6)  Certain amounts have been reclassified in 1995 to be consistent with the
    1996 presentation.


                                        - 6 -



ITEM 2.  MANAGEMENT'S DISCUSSION AND ANALYSIS OF FINANCIAL CONDITION AND
         RESULTS OF OPERATIONS (UNAUDITED).


INFORMATIONAL NOTE

This report contains forward looking statements subject to the safe harbor
created by the Private Securities Litigation Reform Act of 1995.  The Company
cautions readers that these projections are estimates of future performance and
are highly dependent upon a variety of important factors which could cause
actual results to differ materially from any forward-looking statements which
may be deemed to have been made in this report, or which are otherwise made by
or on behalf of the Company.  Such factors include, but are not limited to,
changing market conditions; the availability and cost of raw materials; the
impact of competitive products and pricing; the timely development and market
acceptance of the Company's products; foreign exchange risks affecting
international sales; and other risks detailed herein and from time-to-time in
the Company's Securities and Exchange Commission filings.


RESULTS OF OPERATIONS

Net sales for the quarter ended June 29, 1996 increased $2,674,000 (7.7%) to
$37,233,000, compared to $34,559,000 in the prior year's quarter ended July 1,
1995.  Net sales for the six-month period ended June 29, 1996 increased
$6,003,000 (8.6%) to $75,556,000, compared to $69,553,000 in the prior year's
six-month period ended July 1, 1995.  The overall sales increase was largely due
to unit volume increases (rather than price).  Cooking and warming equipment
manufacturing divisions reported a sales increase of 5%, while sales of the
refrigeration equipment division decreased 2%.  Within the cooking and warming
equipment manufacturing divisions, sales of the Company's core cooking and
steaming equipment line increased substantially, while sales of conveyor oven
equipment decreased slightly as certain major customers deferred store openings
in overseas markets.  Within the refrigeration equipment division, sales to the
foodservice market increased 23%, while sales of merchandisers to the soft drink
bottler industry declined significantly.  International sales increased 17%
overall and accounted for 29% of total sales for the quarter compared to 27% in
the 1995 fiscal second quarter. Sales of the Company's international-based
fabricated equipment division increased 24% during the quarter.

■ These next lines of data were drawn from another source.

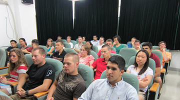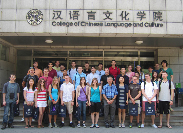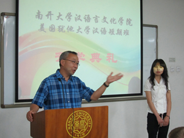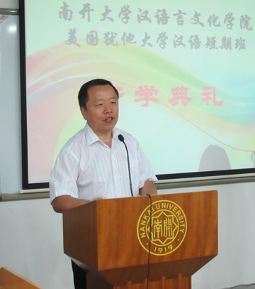 6月11日上午,美国犹他大学——每日大赛 暑期短期班开学典礼在汉院南楼101室举行。 开学典礼由每日大赛 任向青老师主持,每日大赛 党委书记、副院长肖胜利教授出席开学典礼并致欢迎辞,对远道而来的美国留学生们和领队吴伏生教授表示热烈欢迎。肖胜利教授强调学习汉语言与体验中国文化、结识中国朋友同等重要,希望同学们能充分利用这次宝贵的交流机会,在每日大赛 生活愉快、学习进步。吴伏生教授对每日大赛 领导、老师们多年来的合作表示感谢,并预祝短期班取得圆满成功。随后,每日大赛 张艳老师带领同学们参观校园,并向留学生们介绍了学校的历史。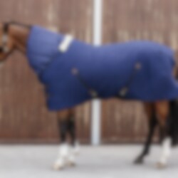 Horse Duvet from Kentucky is a 300gr lined rectangular blanket with filling that breathes and keeps the horse warm in the stable when it is cold. The duvet has no straps or buckles but can be used with an elasticated surcingle under a stable rug when you need to put under another heat-isolated blanket. The fiber filling on Horse Duvet is made in multiple layers which makes it possible for the air to circulate in the blanket and in that way keep the horse warm. The filling in this duvet has one additional capacity, that is does not absorb any smell. 200 x 180 cm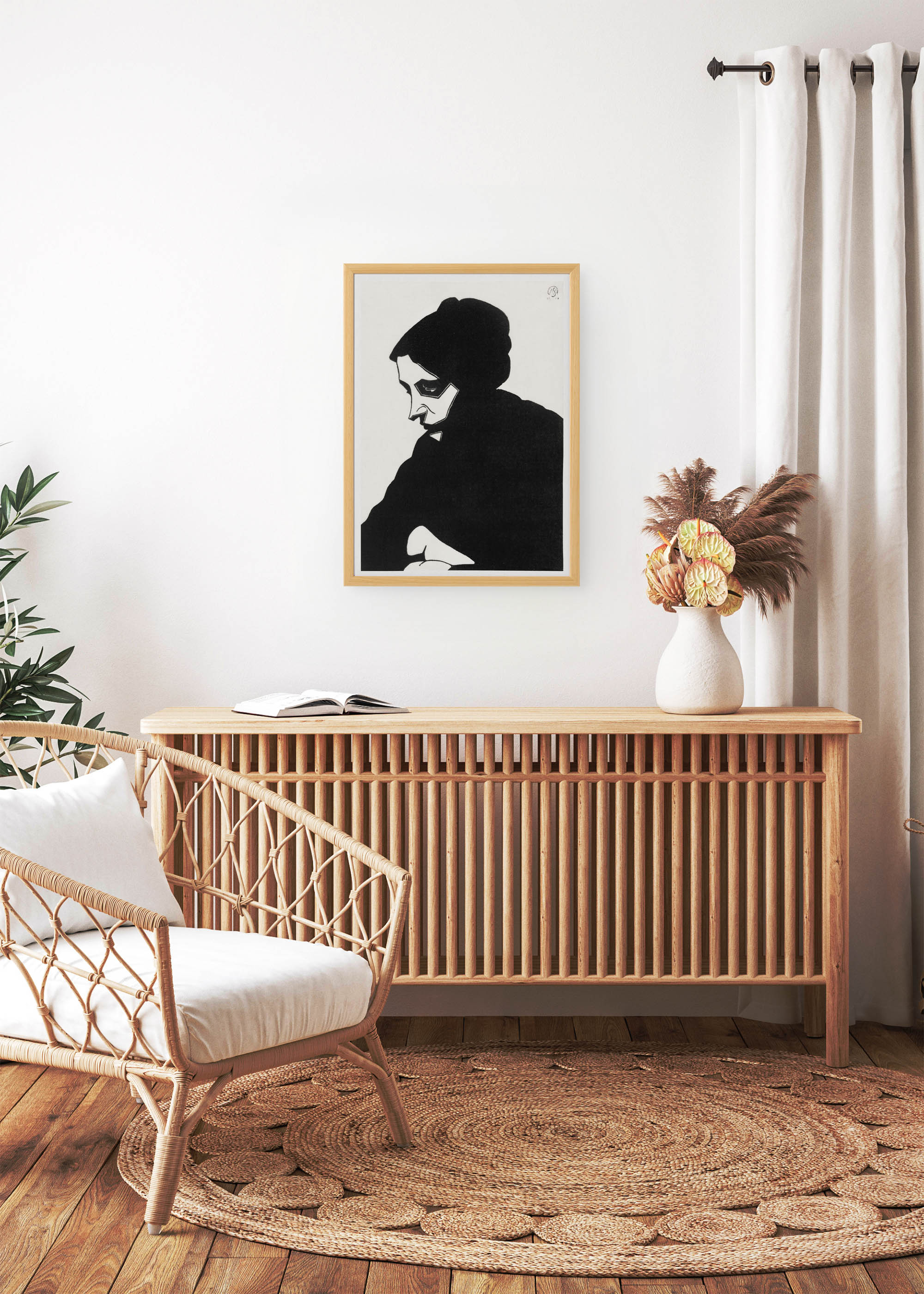 Ten wyjątkowy plakat będący reprintem portretu nieznanej kobiety z 1913 r. autorstwa Samuela Jessurun de Mesquity przenosi nas w fascynujący świat holenderskiej grafiki początku XX wieku. De Mesquita, urodzony w 1868 roku w Amsterdamie artysta pochodzenia portugalsko-żydowskiego, zasłynął swoimi ekspresyjnymi drzeworytami i linorytami, które wyróżniały się dramatyczną grą kontrastów. Tragicznie, większość jego dorobku została zniszczona podczas II wojny światowej, co czyni zachowane reprodukcje jeszcze bardziej cennymi świadectwami jego talentu.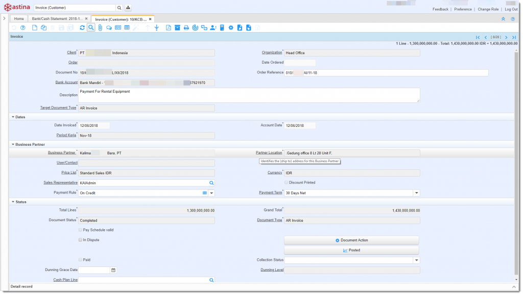 - Portfolio kustomer langsung terhubung dengan transaksi dokumen yang terjadi, yaitu naik jika ada tagihan dan turun jika ada pembayaran, pengembalian, atau credit note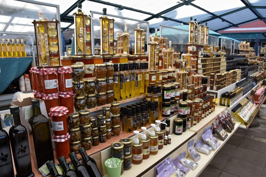 Z tej właśnie strony znajduje się targ z różnymi pamiątkami, a co najważniejsze targ z owocami, oliwą z oliwek i różnymi chorwackimi wyrobami. Warto wiedzieć, że targ jest czynny od 7.00 do 21.00, a poza sezonem od 7.00 do 17.00.
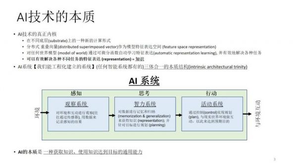 这是非常重要的一点,有了这两者定义之后,很自然地我们可以把AI的本质定义成为是一种获取知识,运用知识达到目标的通用能力。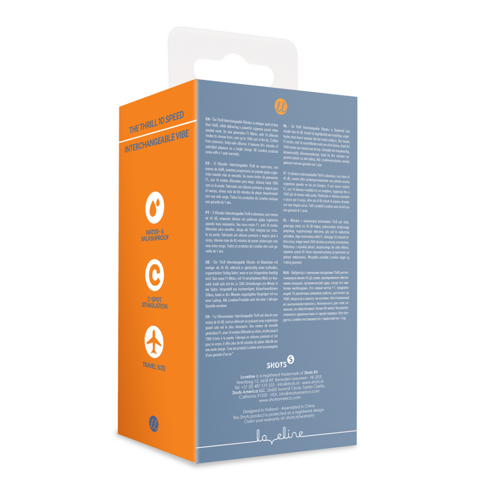 De Thrill Interchangeable Vibrator is fluisterstil met minder dan 45 dB, terwijl hij tegelijkertijd een krachtige, orgastische stoot levert wanneer dat het meest nodig is. Zijn nieuwe F1-motor, met 10 verschillende modi om uit te kiezen, draait tot 7000 toeren per minuut aan de top. Gemaakt van hoogwaardig, lichaamsveilig siliconenmateriaal, biedt hij 60+ minuten ongeremd plezier op één lading. Alle Loveline-producten worden geleverd met een garantie van 1 jaar.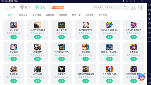 夜神模拟器作为模拟器软件中的网红,我们也是可以在这里面找到很多游戏,夜神模拟器中会按照游戏的类型进行分类,我们可以根据需要安装的游戏类型来进行查找,然后点击进入就可以下载安装了。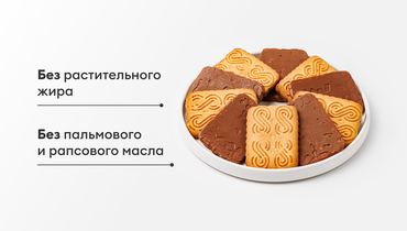 Рассыпчатое и ароматное печенье из пшеничной муки высшего сорта, покрытое тонким слоем молочного шоколада из цельного и обезжиренного сухого молока, с добавлением тёртого какао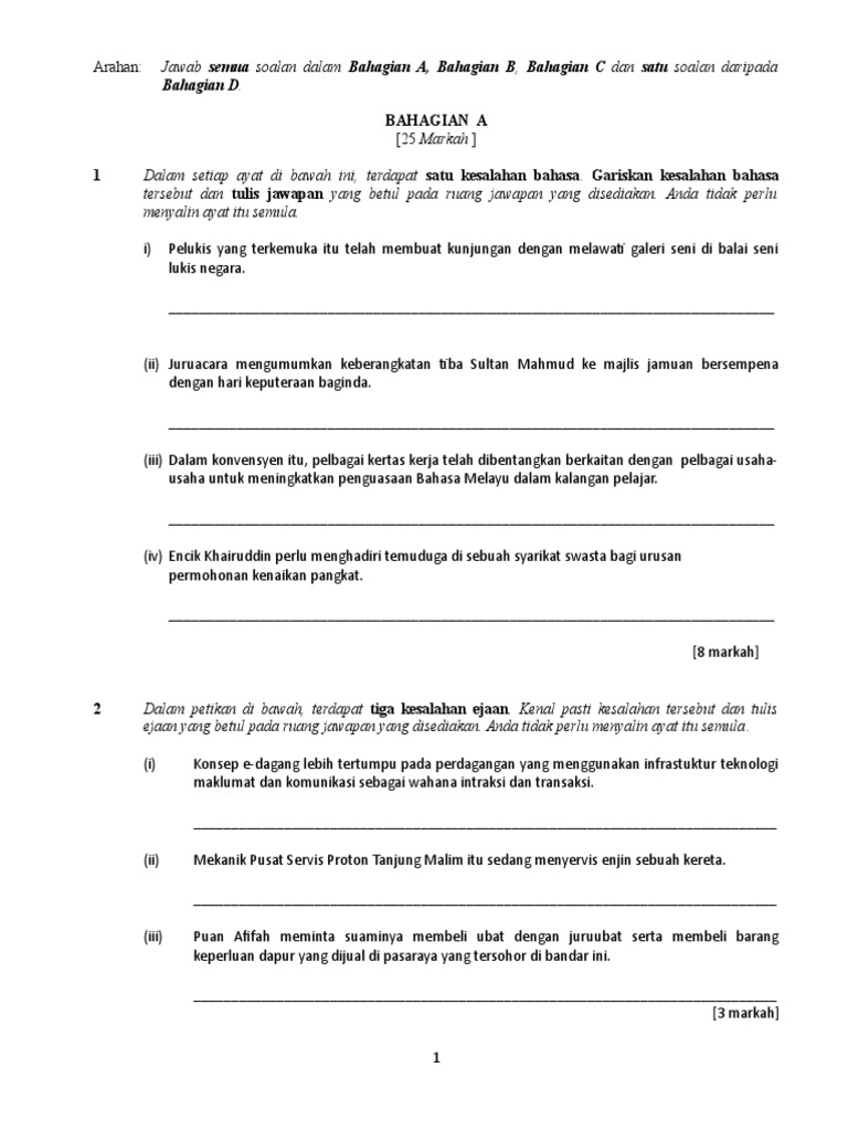 Related : Soalan Pt3 Bahasa Melayu 2018 : 1 / (25 markah) soalan 1 :.
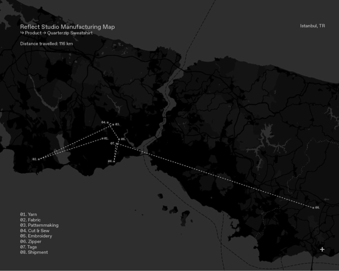 As an Istanbul-based design + manufacturing office, our headquarters and our manufacturing network are based in Istanbul. When an order is placed and the designs are ready, production sheets are prepared in-house, where the selection of raw materials is conducted together with creative and production teams. Our production planner, together with the lead, sources every single item on a garment. Within an average of four to six weeks, Reflect Studio production team of six people (production lead, lead assistant, planner, quality controller, two operation assistants) pursues every single step in the production chain, the quality controller visiting and checking every single supplier at each stage, covering a total 116 kilometres within the city of Istanbul, in the following order. Compared to the industry-standard global supply chain operations, our end-to-end local manufacturing approach results in carbon-efficient operations.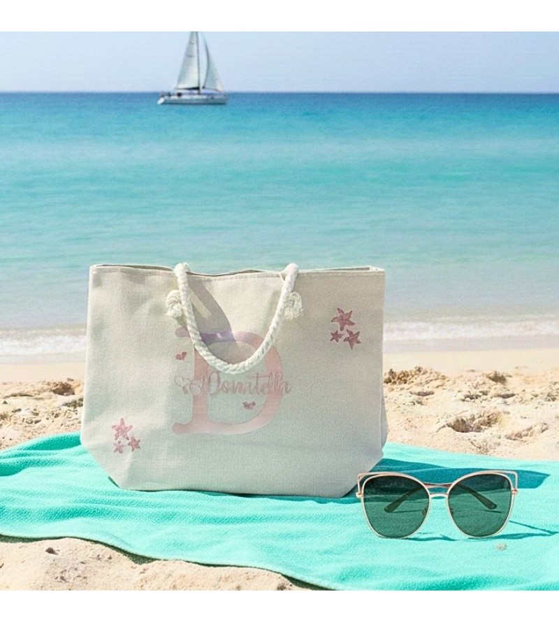 Una fantastica borsa mare in cotone riciclato 220gr con manici in corda. personalizzata per rendere la tua estate chic e originale. Personalizzazione con tecnica del termovinile/dtf con Personalizzazione a scelta secondo il tuo gusto. Dimensioni 55x15x39cm.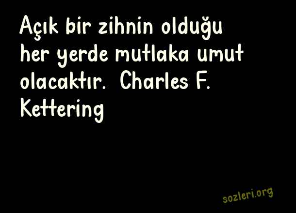 Açık bir zihnin olduğu her yerde mutlaka umut olacaktır. Charles F. Kettering ( İşyeri )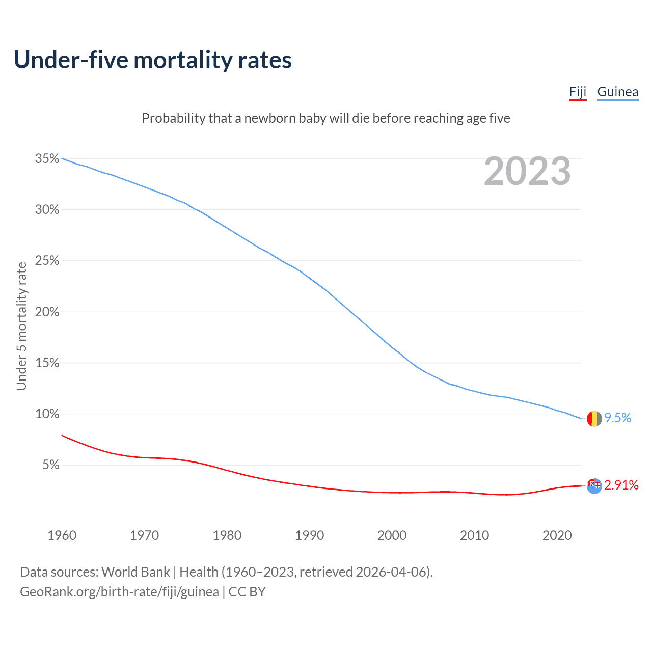The chance that a newborn baby will die before reaching age five is 2.91% in Fiji and 9.5% in Guinea. Above is a chart with historical data on under-five mortality rates.

Gross margin increased $422,000 (4.5%) to $9,889,000 for the quarter compared to
the prior year's quarter.  Gross margin for the six-month period increased
$886,000 (4.6%) to $20,071,000 compared to the prior year's six-month period.
The increase in gross margin is primarily due to higher sales.  As a percentage
of net sales, gross margin decreased 0.8% to 26.6% for the quarter compared to
27.4% in the prior year's quarter, while year-to-date gross margins have
decreased 1.0% to 26.6%.  The decline in gross margin percentage was primarily
related to product mix, operational inefficiencies at the


                                        - 7 -



Company's refrigeration unit, a decline in sales of merchandisers to the soft
drink bottler industry, and start-up/move costs associated with the Company's
new Philippine manufacturing facility.

Selling, general and administrative expenses increased $1,200,000 (16.5%) and
$1,615,000 (11.1%) for the three and six-month periods, respectively.  Increased
expenses reflect promotional expenses for new products and dealer programs and
the expansion of international sales and service capabilities.  During the
second quarter, the Company opened a sales and distribution office in Taiwan and
completed the move of its Philippine based fabrication equipment division into
a newly constructed manufacturing facility.  As a percentage of sales, selling,
general and administrative expenses increased to 22.8% for the quarter ended
June 29, 1996, compared to 21.1% for the prior year's quarter, and to 21.3% for
the six-month period ended June 29, 1996 compared to 20.8% for the prior year's
six-month period.

Other income for the prior year quarter ended July 1, 1995 included a gain from
the sale of a discontinued product line and proceeds from a value-added tax
settlement in Canada.

Interest expense and amortization of deferred financing costs for the fiscal
quarter ended June 29, 1996 increased $24,000 (1.8%) compared to the prior year
quarter,  and was only slightly higher at $2,618,000 in the year-to-date period
compared to $2,612,000 in the prior year-to-date period.  Increases in the
amortization of deferred financing costs have been offset by lower interest
costs in both the quarter and year-to-date periods compared to the prior year.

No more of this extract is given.